Justice Department zeros in on EHR fraud after record number of false claims: 5 details

The Justice Department opened a record number of healthcare fraud cases in 2020 and is focusing its fraud initiatives on healthcare employees who make false claims with EHRs, according to a June 29 Bloomberg Law report.

Five details:

  1. Michael Granston, deputy assistant attorney general for the Justice Department's commercial litigation branch, said at a June 29 American Health Law Association annual meeting that the department "opened over 900 new matters, including 580 new health fraud matters.

  2. The department settled 366 false claims cases and 265 of the cases were healthcare-related.

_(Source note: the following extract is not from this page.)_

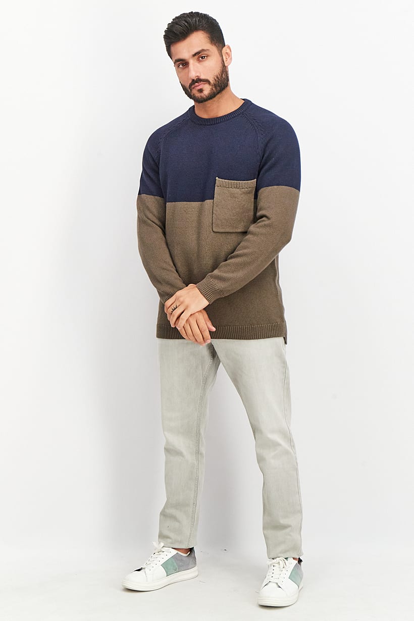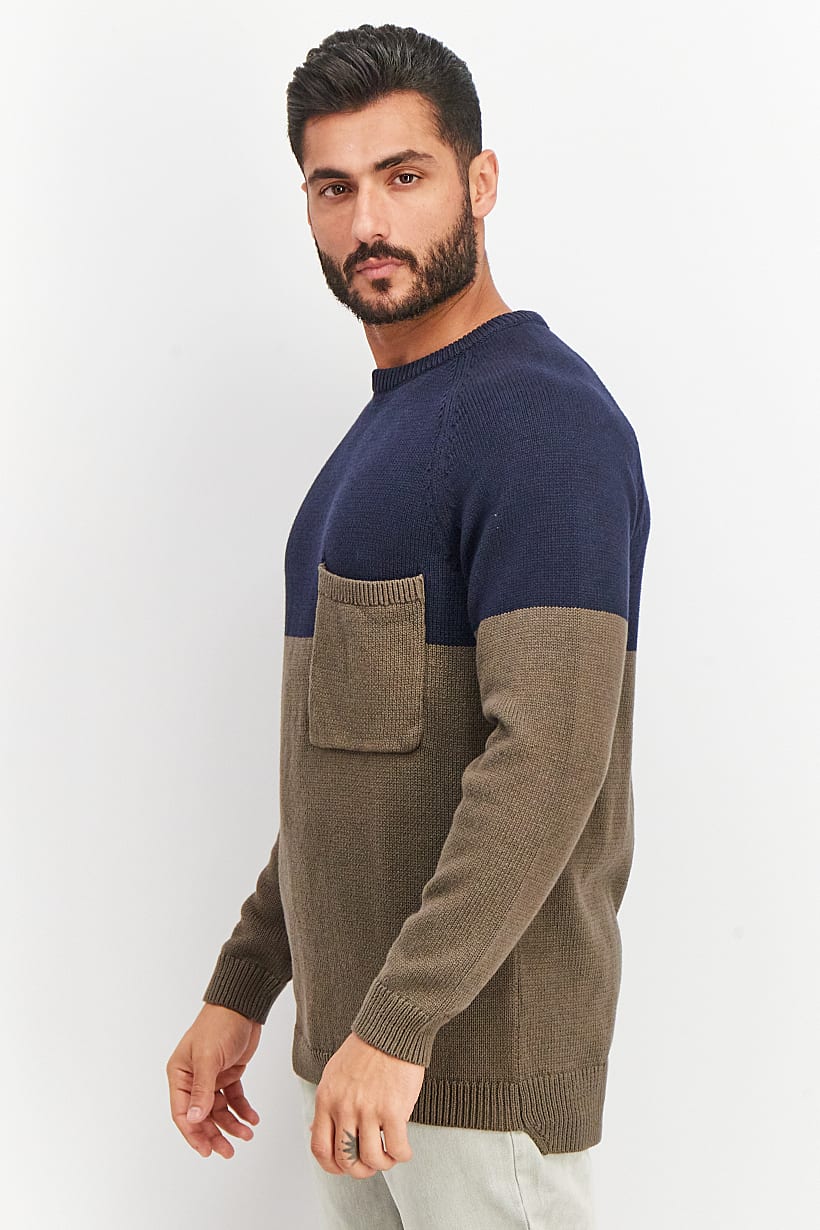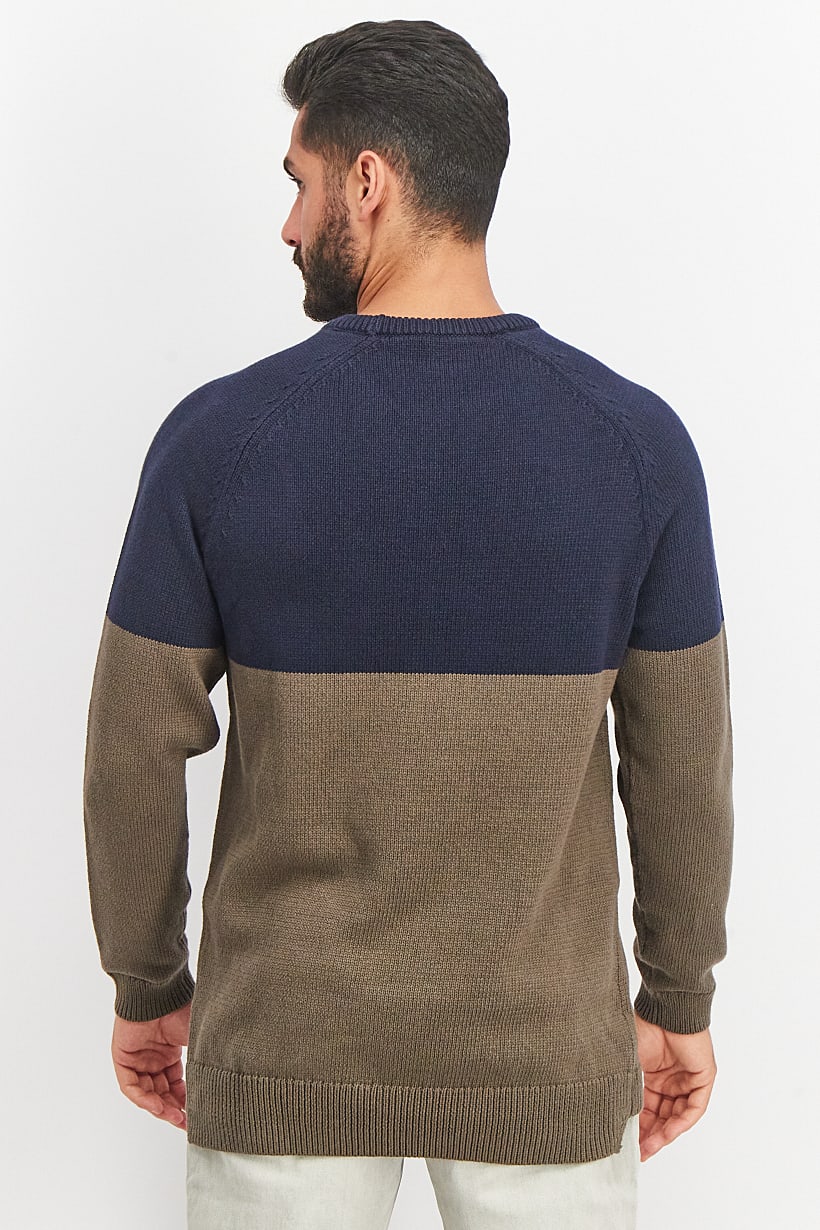 | nameOriginal | Men Round Neck Long Sleeve Knitted Sweater, Navy Blue/Combat |

  3. In addition to false EHR-related claims, the Justice Department is honing in on those who deceptively request COVID-19 relief funds, contribute to the opioid crisis, manipulate Medicare's managed care program and abuse older adults.

  4. Fraud has been a downside of the digitalization of healthcare. The HHS Office of Inspector General estimates that telehealth fraud cost taxpayers $4.5 billion last year, according to a June 30 Politico report.

  5. The risk of fraud has also played a role in the conversation surrounding the permanent expansion of telehealth. Government Accountability Office health officials told the Senate Finance Committee in May that virtual care could invite fraud and drive up healthcare spending, Politico reported.